How validate user input when the expected value is

2019-04-13 07:08发布

问题:

I have the following code:

#include <stdio.h>

#define MIN 0
#define MAX 9 

int main()
{
    int n;

    while (1) {
        printf("Enter a number (%d-%d) :", MIN, MAX);
        scanf("%d", &n);

        if (n >= MIN && n <= MAX) {
            printf("Good\n");
        } else {
            printf("Damn you!\n");
            break;
        }
    }

    return 0;
}

The above code works as expected as long as the user inputs an integer value. For example,

$ ./a.out 
Enter a number (0-9) :15
Damn you!
$ ./a.out 
Enter a number (0-9) :5
Good
Enter a number (0-9) :3
Good
Enter a number (0-9) :-1
Damn you!
$ ./a.out 

But, when the user enters any unexpected input (like <up-arrow> - which is ^[[A, or any string like abc or abc def, etc), it fails and goes in to an infinite loop.

$ ./a.out 
Enter a number (0-9) :2
Good
Enter a number (0-9) :^[[A
Good
Enter a number (0-9) :Good
Enter a number (0-9) :Good
Enter a number (0-9) :Good
Enter a number (0-9) :Good
Enter a number (0-9) :Good
Enter a number (0-9) :Good
^C

One thing to note: when the use enters <up-arrow> for the first time, it works as expected! For example,

$ ./a.out 
Enter a number (0-9) :^[[A
Damn you!
$ 

Why is this odd behavior? How should we handle the case where user enters something that is unappropriate?

回答1:

Personally, I advise ditching scanf altogether for interactive user input, especially for numeric input. It just isn't robust enough to handle certain bad cases.

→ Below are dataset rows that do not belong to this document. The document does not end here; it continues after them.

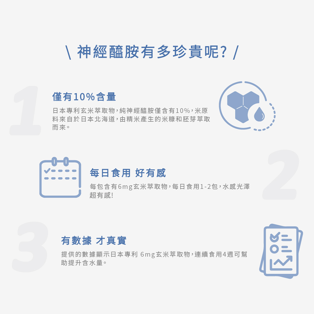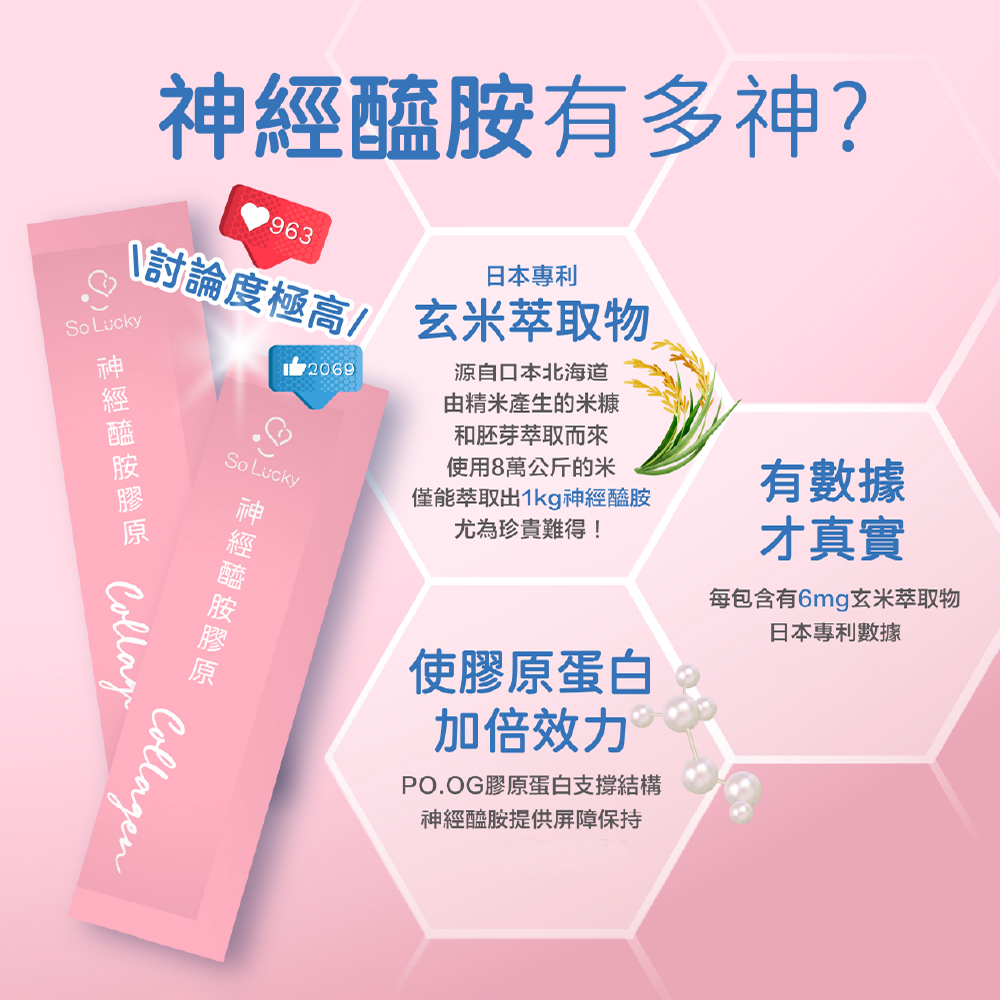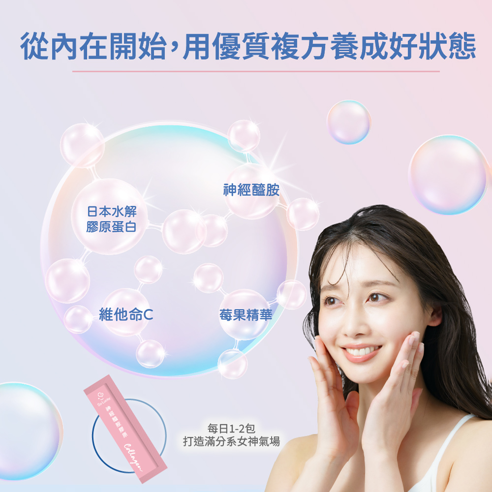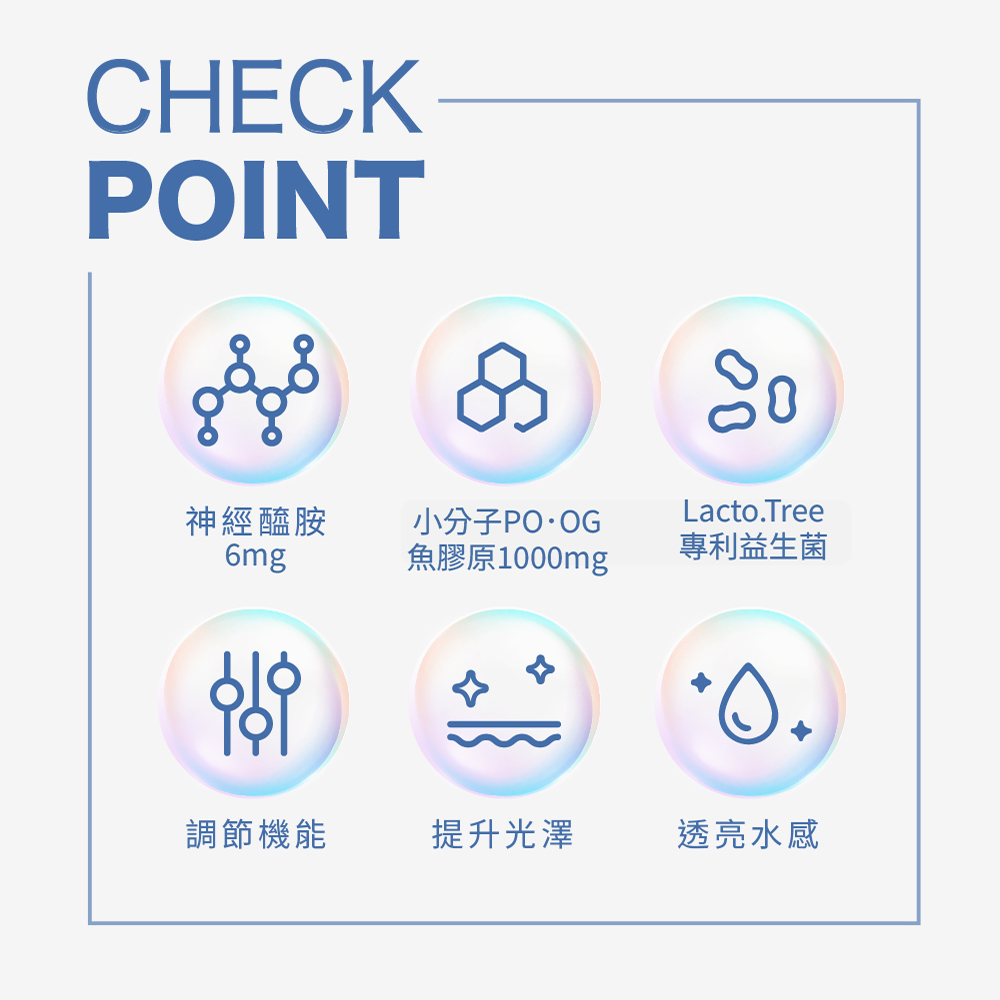 ▶ 透感水亮光澤的秘密:日本專利玄米萃取物(含神經醯胺),每包含有6mg,每日食用1包,連續食用4週可提升角質層含水量,讓你輕鬆擁有水感好氣色! ▶ 專為美麗設計的獨家專利益生菌:大葉山芙蓉草本複合益生菌,由漢方草本與益生菌結合,幫助調節體質,為美麗加分。 ▶ 日本專利PO·OG全魚膠原:由日本大廠專利雙胜肽PO·OG魚膠原,雙胜肽分子小好吸收。 ▶ 七種莓果多酚萃取:萃取天然莓果多酚,富含花青素與多種維生素,維持美妍好氣色。 ▶ 穀胱甘肽:隨著年齡增長,體內穀胱甘肽合成率下降,定期補充讓妳擁有美麗蘋果光。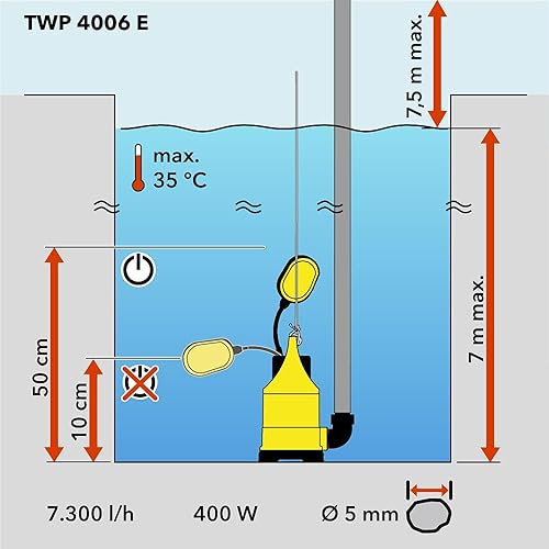 TROTEC Tauchpumpe TWP 4006 E – Pumpe für Klarwasser – Fördermenge 7300 l/h, Eintauchtiefe max. 7 m, Rückflussstopp, IP8X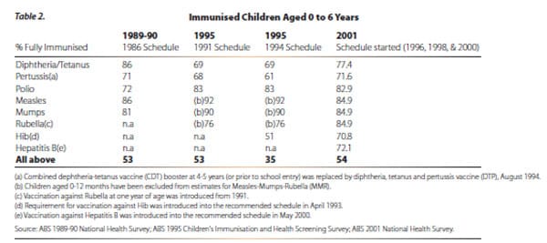 Conversely, had children of the same age been represented in both tables, say children immunized at 2 years old, by 1989-1990, the percentage of children fully vaccinated for pertussis would have been negligible (approaching 0%) since the vaccination schedule had changed toward providing pertussis vaccine to children up through age six. Therefore, the comparative manner in which Meryl Dorey presented the data actually took into account the differences in the vaccination schedule and reported the relationship of the change in percentage as accurately as permitted by the table data.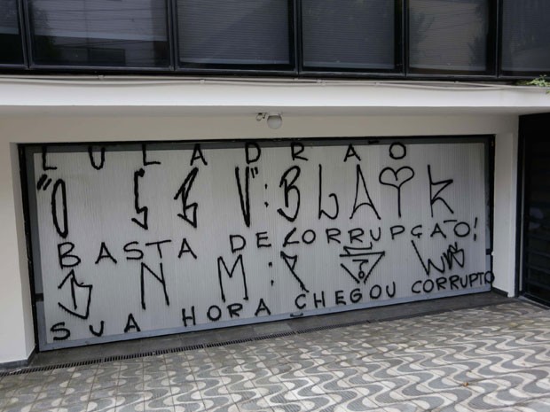 A porta da garagem do Instituto Lula, que fica no Ipiranga, zona sul de São Paulo, amanheceu pichada com as seguintes mensagens contra o ex-presidente Luiz Inácio Lula da Silva: "Luladrão", "basta de corrupção" e "sua hora chegou corrupto".
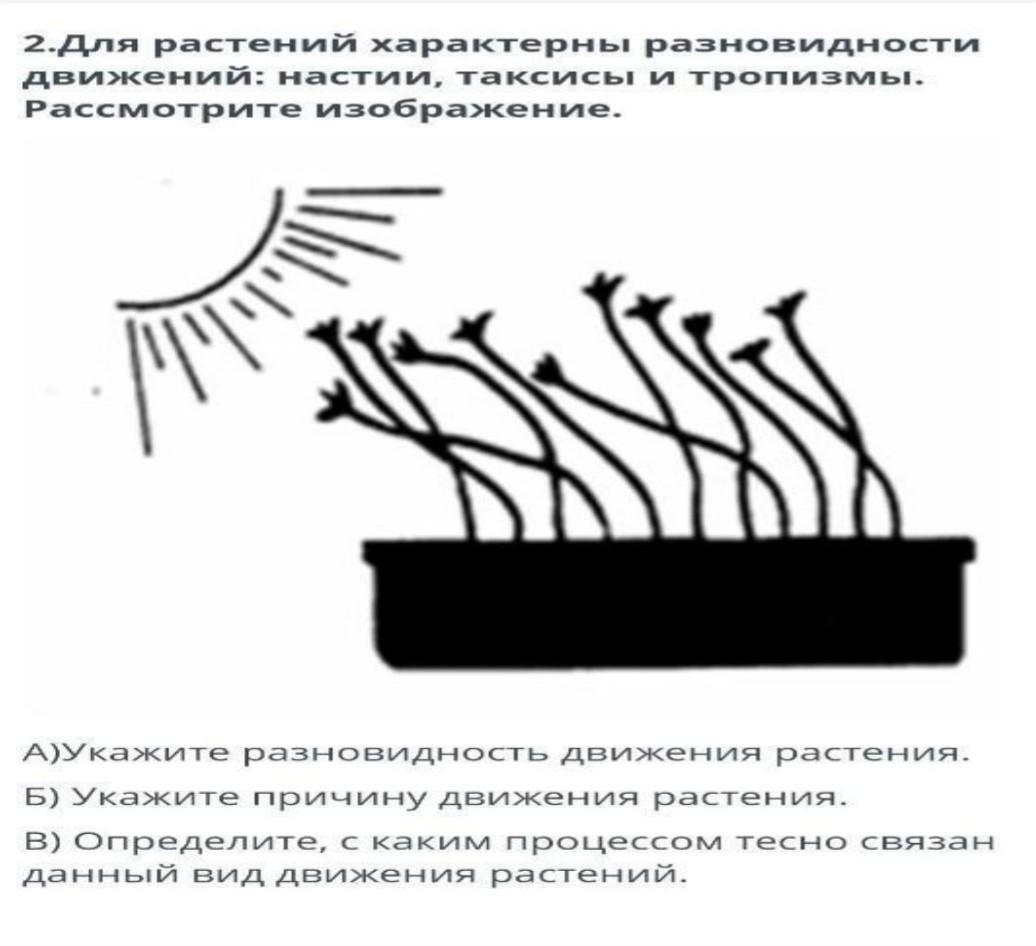 2.Для растений характерны разновидности движений: настии, таксисы и тропизмы. Рассмотрите изображение.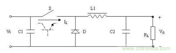 開關電源就是采用功率半導體器件作為開關元件,通過周期性通斷開關,控制開關元件的占空比來調(diào)整輸出電壓。開關元件以一定的時間間隔重復地接通和斷開,在開關無件接通時輸入電源Vi通過開關S和濾波電路向負載RL提供能量,當開關S斷開時,電路中的儲能裝置(L1、C2、二極管D組成的電路)向負載RL釋放在開關接通時所儲存的能量,使負載得到連續(xù)而穩(wěn)定的能量。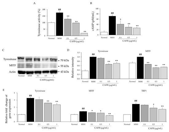Potential anti-melanogenic mechanisms of CAFB in vitro. (A) Tyrosinase activity and (B) cAMP content in B16F10 cells was determined. Both (C,D) Western blot and (E) real-time PCR were performed using a CAFB-treated B16F10 cell model. All of the detailed contents are shown in the Section 2. ## p < 0.01 as compared to the normal; * p < 0.05, ** p < 0.01 as compared to the MSH.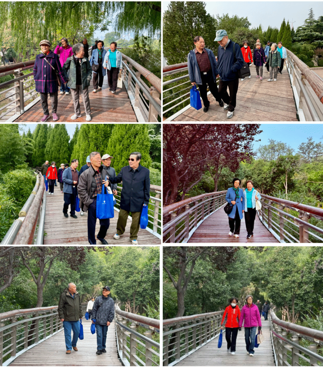 活动中,老校友们结伴而行,漫步于公园小径。此时秋光正好,园内绿意未褪、秋色初染。考虑到校友们的年纪,活动原本只安排在平路上缓步行走,然而时值九九重阳节,几位年近八旬的管国生等校友却精神矍铄地倡议道:“登高望远是九九重阳节的传统,我们这个年纪虽不能登山,何不将这生态栈桥作为我们今日的‘高山’,一同登桥远眺,一览泉城盛景,为聚会增添一份独特的仪式感!”这一提议,为活动注入了浓厚的仪式感,瞬间点燃了校友们的热情。连87岁的吴洪若老校友也欣然同行,将这次栈桥之行视为一次心灵的登高,全程参与,以步履致敬岁月。

The %d conversion specifier tells scanf to read up to the next non-numeric character (ignoring any leading whitespace). Assume the call

scanf("%d", &val);

If your input stream looks like {'\n', '\t', ' ', '1', '2', '3', '\n'}, scanf will skip over the leading whitespace characters, read and convert "123", and stop at the trailing newline character. The value 123 will be assigned to val, and scanf will return a value of 1, indicating the number of successful assignments.

If your input stream looks like {'a', 'b', 'c', '\n'}, scanf will stop reading at the a, not assign anything to val, and return 0 (indicating no successful assignments).

So far, so good, right? Well, here's an ugly case: suppose your user types in "12w4". You'd probably like to reject this entire input as invalid. Unfortunately, scanf will happily convert and assign the "12" and leave the "w4" in the input stream, fouling up the next read. It will return a 1, indicating a successful assignment.

Here's another ugly case: suppose your user types in an obnoxiously long number, like "1234567890123456789012345678901234567890". Again, you'd probably like to reject this input outright, but scanf will go ahead and convert and assign it, regardless of whether the target data type can represent that value or not.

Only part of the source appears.